Ana görüş yeni yapılacak stadyumun şehir trafiğini ve o bölgeyi felç edeceği. Ben başka bir şehirde mi yaşıyorum acaba? Bizim kentimizin trafiği zaten felç değil mi? Hem de yıllardan beri. Stadyuma karşı çıkanlar acaba kaç kere çıkıp da raylı sistem demişler? Trafik yükünü azaltmak için şu şu önlemleri alalım demişler? Kaç tanesi halkı bisiklete yönlendirelim demiş? Kaç tanesi toplu ulaşımı eleştirmiş?
Stadın otopark alanının yetersiz olduğu söyleniyor. İşte tipik popülist otomobil odaklı zihniyet. Kendileri arabadan inmeyenler elbette ki araba odaklı bakacaklar olaya. Peki kim dedi herkesin oraya araba ile gideceğini? Öte yandan toplu ulaşımı kullanan vatandaşlara kentimizde adam gibi bir toplu ulaşım hizmeti veriliyor mu? Nedense açıklamalarda bu konuya hiç değinilmiyor. Deseler ki kentimizin toplu ulaşımı bu stada ulaşımı sağlayacak güzellikte değil. O zaman anlayacağım.
Statların şehir dışına kurulması gerektiğini savunmak da ayrı bir kafa yapısının ürünü. Tabi oraya ulaşılmayacak, uçularak gidilecek. O yüzden mümkün olduğunca uzağa yapalım. Aynen tozu halının altına süpürmek gibi. Ne kadar gözümüzün önünde olmazsa o kadar iyi. Zaten iki haftada bir iki saatliğine kullanılacak mekanı yakına yapmanın ne alemi var.
Stadın yanına AVM yapılmasına karşı çıkmayı da anlayamıyorum. Gerekirse yapılır. Ne var bunda? Her yerimiz AVM zaten. Madem trafik felç olacak AVM trafiğin felç olmasını engeller çünkü insanlar tam maç saatinde stada yığılmak yerine aralıklarla bölgeye giderler. AVM'lerin geniş otoparkları olur vatandaşlar araçlarını oraya park ederler.
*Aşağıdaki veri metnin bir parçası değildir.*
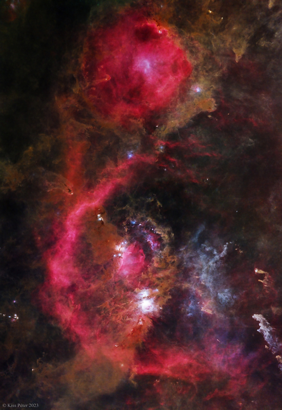 Évekkel ezelőtt megfogalmazódott bennem, hogy milyen jó lenne a teljes Orion csillagképet lefotózni, és 2022 januárjában sikerült összehozni a 4 paneles mozaikot a Samyang 135mm-es obival. A feldolgozás kicsit elhúzódott, elsősorban a rendkívül sűrű csillagmező miatt. Miután a nyersek RGB-ben lettek rögzítve nem pedig keskenysávban, a csillagmező teljes spektrumban tündökölt, ezért a háttér kiemelése eléggé problémás volt. Az áttörést a Starnet2 hozta. Ezzel a programmal sikerült a csillagokat nagyon szépen eltávolítani a képről, így lehetőség nyílt a háttér és a csillagok külön kezelésére. A Starnet2 tényleg megdöbbentően jó munkát végzett! A kép nem teljesen hiteles, hiszen a csillagmezőt valamivel helyettesíteni kellett, és a csillagok nem olyan mértékben lettek felgörbézve mint a háttér. Feltöltöttem a csillag nélküli verziót is, mert én szeretek bóklászni ezen a képen is.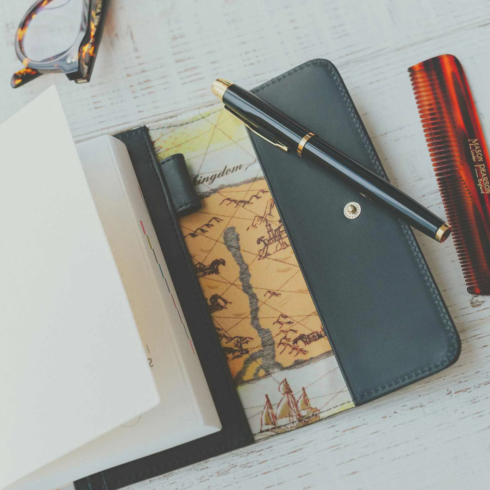 The cover interior contains a cloth section that’s printed with a nautical chart to give the cover the true feel of a logbook. There’s a pen hook on the right-hand side to store a pen.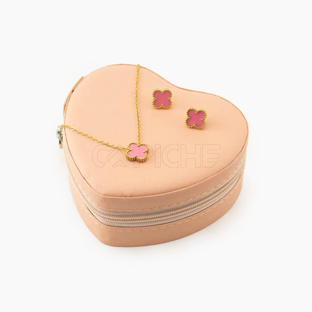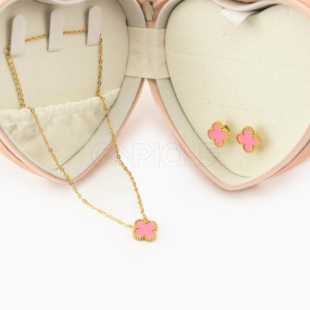 Conjunto de colar e brincos Trevo rosa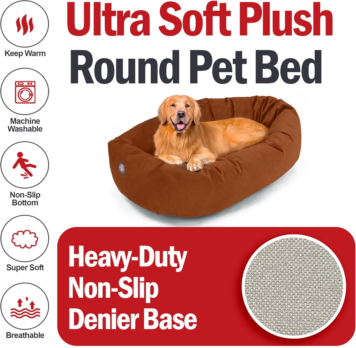 Majestic Pet 40 Inch Suede Shredded Memory Foam Mix Calming Large Dog Bed Washable 40 x 29 x 9 (Inch) - Cozy Soft Round Donut Dog Bed with Spine for Head Support - Pet Bed Rust

Tüm bunları ötesinde bana asıl ilginç gelen güya kentimizin kanaat önderi olan kesimlerin onca sorunlarımız dururken böyle şeylere karşı çıkmaları. Kentimizin asıl sorununun yapılanlar değil yapılmayanlar olduğunu görememeleri. Ve bir günden bir güne çıkıp da "şu" yapılsın dememeleri.